Action item ▸ Give the listing again character for character, but drop the images.

Information supplied ▸
───

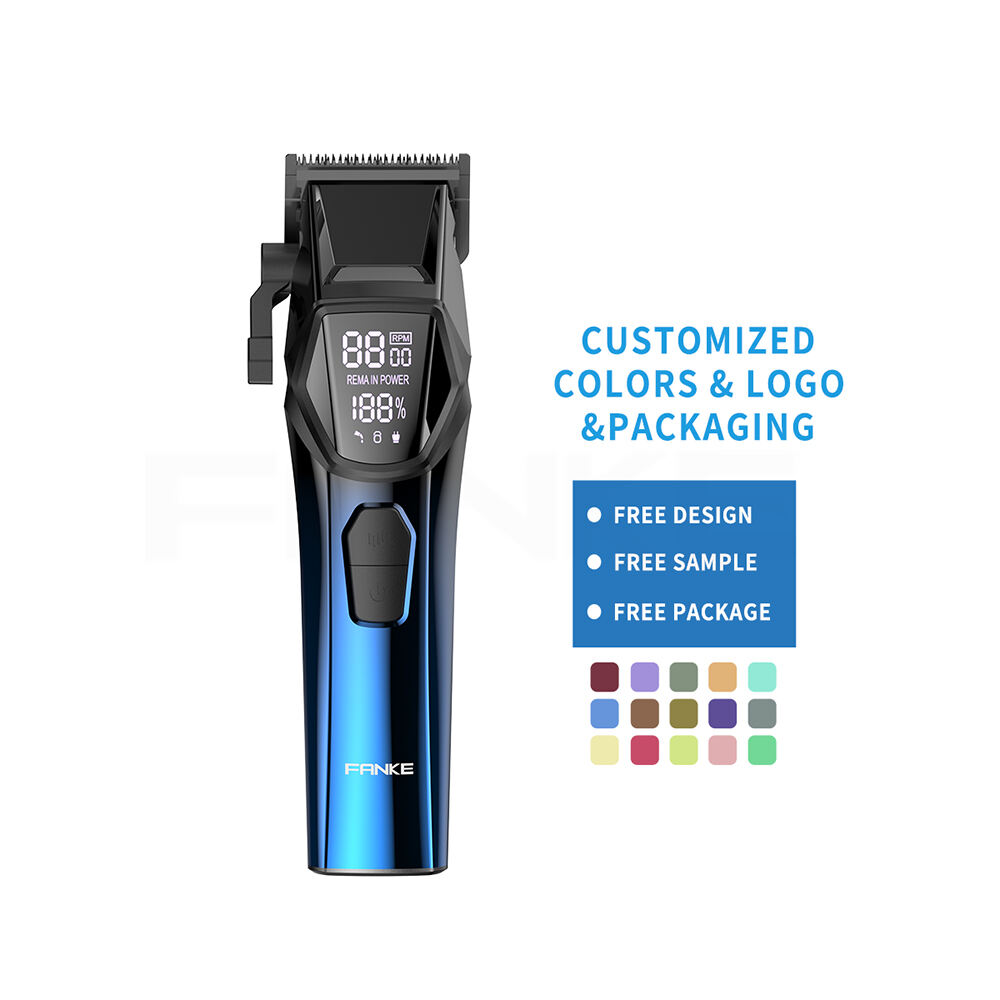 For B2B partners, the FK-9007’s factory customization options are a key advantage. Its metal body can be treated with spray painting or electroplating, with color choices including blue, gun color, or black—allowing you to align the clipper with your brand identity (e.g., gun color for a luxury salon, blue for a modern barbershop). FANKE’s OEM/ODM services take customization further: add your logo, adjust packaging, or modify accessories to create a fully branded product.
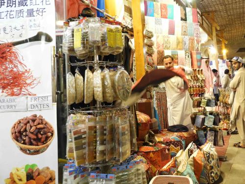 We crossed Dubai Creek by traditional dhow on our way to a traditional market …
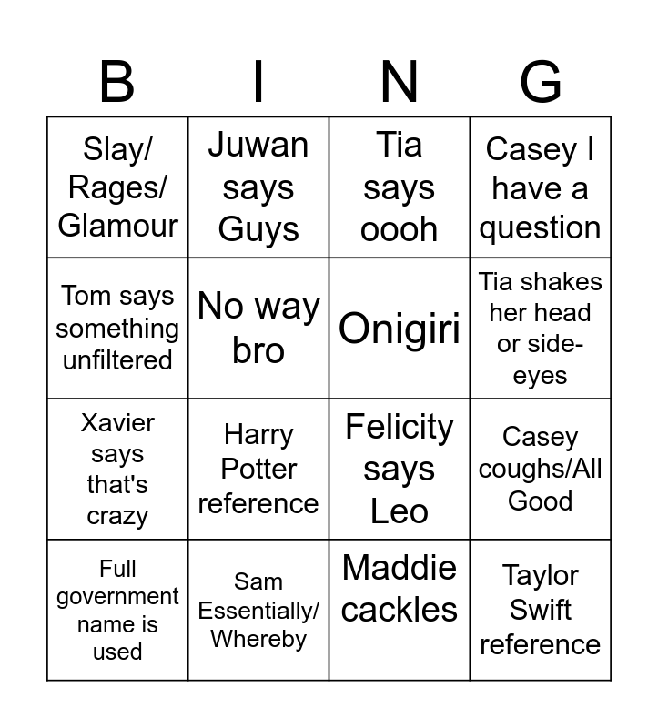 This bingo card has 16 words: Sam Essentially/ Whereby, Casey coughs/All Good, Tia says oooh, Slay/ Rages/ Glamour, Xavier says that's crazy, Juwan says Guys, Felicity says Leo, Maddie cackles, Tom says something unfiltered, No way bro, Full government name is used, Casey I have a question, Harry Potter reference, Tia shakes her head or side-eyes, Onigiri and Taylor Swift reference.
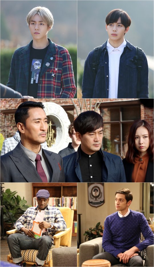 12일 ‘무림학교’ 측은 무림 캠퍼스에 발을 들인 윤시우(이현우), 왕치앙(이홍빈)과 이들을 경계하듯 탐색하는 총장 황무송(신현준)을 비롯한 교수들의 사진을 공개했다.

───

Exercise output ▸
 For B2B partners, the FK-9007’s factory customization options are a key advantage. Its metal body can be treated with spray painting or electroplating, with color choices including blue, gun color, or black—allowing you to align the clipper with your brand identity (e.g., gun color for a luxury salon, blue for a modern barbershop). FANKE’s OEM/ODM services take customization further: add your logo, adjust packaging, or modify accessories to create a fully branded product.
 We crossed Dubai Creek by traditional dhow on our way to a traditional market …
 This bingo card has 16 words: Sam Essentially/ Whereby, Casey coughs/All Good, Tia says oooh, Slay/ Rages/ Glamour, Xavier says that's crazy, Juwan says Guys, Felicity says Leo, Maddie cackles, Tom says something unfiltered, No way bro, Full government name is used, Casey I have a question, Harry Potter reference, Tia shakes her head or side-eyes, Onigiri and Taylor Swift reference.
 12일 ‘무림학교’ 측은 무림 캠퍼스에 발을 들인 윤시우(이현우), 왕치앙(이홍빈)과 이들을 경계하듯 탐색하는 총장 황무송(신현준)을 비롯한 교수들의 사진을 공개했다.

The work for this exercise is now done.